Monday 12 December 2011

It's a mess


Love is a strange and beautiful thing.
Even though it can hurt so much, I still find myself chasing it all around, trying to hold it in my hands, if maybe just for a moment.

I promise that I will find it.

I've been seeing someone without seeing them, I suppose.  I feel for him, I want him, I even crave him.  But I am only his plan B.  I guess that stings.  But I've never met someone like him before, someone I am so attracted to, that is obviously attracted to me in return.  It hurts.  We're being friends right now, as he started seeing someone just before me.  But that tension is there.  The sexting.  The touch on the arm that lingers a little longer than normal.  The compliments.
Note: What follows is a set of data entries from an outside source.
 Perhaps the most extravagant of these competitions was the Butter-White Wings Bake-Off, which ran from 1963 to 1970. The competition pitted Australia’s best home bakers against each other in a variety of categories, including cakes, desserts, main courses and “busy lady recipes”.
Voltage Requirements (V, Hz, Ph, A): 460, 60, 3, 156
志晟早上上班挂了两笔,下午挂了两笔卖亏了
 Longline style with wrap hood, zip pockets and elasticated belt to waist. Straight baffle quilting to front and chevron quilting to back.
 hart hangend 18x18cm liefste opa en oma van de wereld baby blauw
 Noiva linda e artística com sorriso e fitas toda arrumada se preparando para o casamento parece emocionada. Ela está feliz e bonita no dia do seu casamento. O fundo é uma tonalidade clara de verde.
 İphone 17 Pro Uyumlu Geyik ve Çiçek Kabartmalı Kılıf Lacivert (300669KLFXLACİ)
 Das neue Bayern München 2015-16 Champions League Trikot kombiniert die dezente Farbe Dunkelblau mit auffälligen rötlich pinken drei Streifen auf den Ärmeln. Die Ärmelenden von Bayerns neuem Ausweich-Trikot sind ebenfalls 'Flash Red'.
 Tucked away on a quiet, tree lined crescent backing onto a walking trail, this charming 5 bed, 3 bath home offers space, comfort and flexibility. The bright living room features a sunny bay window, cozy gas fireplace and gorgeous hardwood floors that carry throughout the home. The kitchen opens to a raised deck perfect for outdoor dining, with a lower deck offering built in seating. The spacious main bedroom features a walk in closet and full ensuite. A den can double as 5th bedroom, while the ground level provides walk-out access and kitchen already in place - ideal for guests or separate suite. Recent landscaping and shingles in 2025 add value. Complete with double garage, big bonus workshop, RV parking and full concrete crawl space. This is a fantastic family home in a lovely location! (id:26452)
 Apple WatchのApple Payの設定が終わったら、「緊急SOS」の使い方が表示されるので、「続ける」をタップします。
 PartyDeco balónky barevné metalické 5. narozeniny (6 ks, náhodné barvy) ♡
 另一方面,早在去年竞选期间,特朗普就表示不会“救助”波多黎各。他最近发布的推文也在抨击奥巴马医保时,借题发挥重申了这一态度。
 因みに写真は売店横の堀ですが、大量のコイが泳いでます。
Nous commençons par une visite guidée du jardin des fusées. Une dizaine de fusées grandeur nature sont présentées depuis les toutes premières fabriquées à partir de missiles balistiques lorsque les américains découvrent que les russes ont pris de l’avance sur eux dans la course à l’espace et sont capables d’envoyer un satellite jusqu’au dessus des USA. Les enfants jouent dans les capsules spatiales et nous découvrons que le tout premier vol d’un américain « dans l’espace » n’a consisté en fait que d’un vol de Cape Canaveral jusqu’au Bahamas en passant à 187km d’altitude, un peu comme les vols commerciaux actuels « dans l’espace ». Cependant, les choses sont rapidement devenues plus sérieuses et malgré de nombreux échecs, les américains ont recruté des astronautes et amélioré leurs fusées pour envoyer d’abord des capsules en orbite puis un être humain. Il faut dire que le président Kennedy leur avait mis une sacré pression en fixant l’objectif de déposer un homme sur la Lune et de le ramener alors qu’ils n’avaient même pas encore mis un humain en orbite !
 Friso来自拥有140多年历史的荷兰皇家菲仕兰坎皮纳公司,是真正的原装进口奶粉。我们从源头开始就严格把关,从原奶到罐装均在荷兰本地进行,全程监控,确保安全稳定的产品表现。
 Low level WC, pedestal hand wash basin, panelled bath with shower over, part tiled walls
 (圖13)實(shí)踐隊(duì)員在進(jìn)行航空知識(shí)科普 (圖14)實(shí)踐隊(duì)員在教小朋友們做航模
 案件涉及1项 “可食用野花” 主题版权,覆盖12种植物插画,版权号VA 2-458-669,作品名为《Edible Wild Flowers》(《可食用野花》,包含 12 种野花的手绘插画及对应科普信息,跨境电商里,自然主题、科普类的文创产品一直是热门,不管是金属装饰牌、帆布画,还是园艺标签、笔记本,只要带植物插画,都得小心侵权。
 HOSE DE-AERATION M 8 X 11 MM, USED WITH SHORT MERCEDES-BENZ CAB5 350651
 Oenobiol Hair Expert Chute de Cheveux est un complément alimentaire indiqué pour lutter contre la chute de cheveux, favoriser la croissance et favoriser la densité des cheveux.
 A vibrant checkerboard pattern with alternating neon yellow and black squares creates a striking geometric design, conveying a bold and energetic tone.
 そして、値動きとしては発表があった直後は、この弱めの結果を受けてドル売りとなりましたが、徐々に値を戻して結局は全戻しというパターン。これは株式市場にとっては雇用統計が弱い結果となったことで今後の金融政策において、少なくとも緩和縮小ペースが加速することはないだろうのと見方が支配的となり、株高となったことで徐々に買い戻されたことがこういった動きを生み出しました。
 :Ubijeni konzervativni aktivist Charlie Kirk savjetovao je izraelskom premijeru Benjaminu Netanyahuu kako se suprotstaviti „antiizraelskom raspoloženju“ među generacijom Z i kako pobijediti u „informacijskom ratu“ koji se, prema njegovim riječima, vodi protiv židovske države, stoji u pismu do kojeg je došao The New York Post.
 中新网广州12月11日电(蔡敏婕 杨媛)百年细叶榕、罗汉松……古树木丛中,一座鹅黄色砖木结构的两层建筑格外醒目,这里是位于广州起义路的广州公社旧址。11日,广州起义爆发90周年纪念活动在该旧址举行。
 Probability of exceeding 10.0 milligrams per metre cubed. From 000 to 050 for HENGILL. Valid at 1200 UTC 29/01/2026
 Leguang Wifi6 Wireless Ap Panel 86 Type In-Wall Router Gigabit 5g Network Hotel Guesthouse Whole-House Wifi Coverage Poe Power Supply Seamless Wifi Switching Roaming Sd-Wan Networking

The eye contact... that melts.

Why can't I let him go?
Why can't he let him go?

If he sleeps with me, I will never trust him because he is officially a cheater.  Maybe that's not so true, because I'd hope that the sex would seal the deal in my favour... but the idea will lurk in my mind I'm quite sure.

If we don't sleep together, I'll lose him. 

It's a mess.

Out with him at the club, last night, we ran into a mutual friend.  It was so tough, because the mutual friend knows the other guy my guy is seeing.  Every time I heard that name my face would wince, every time I'd wince my date would wince because I did.

Can I just friend zone this beautiful man?
My hesitation lies within the idea that it's often hard to go from friends to lovers, and maybe worse when it clearly should have been just lovers from the get go.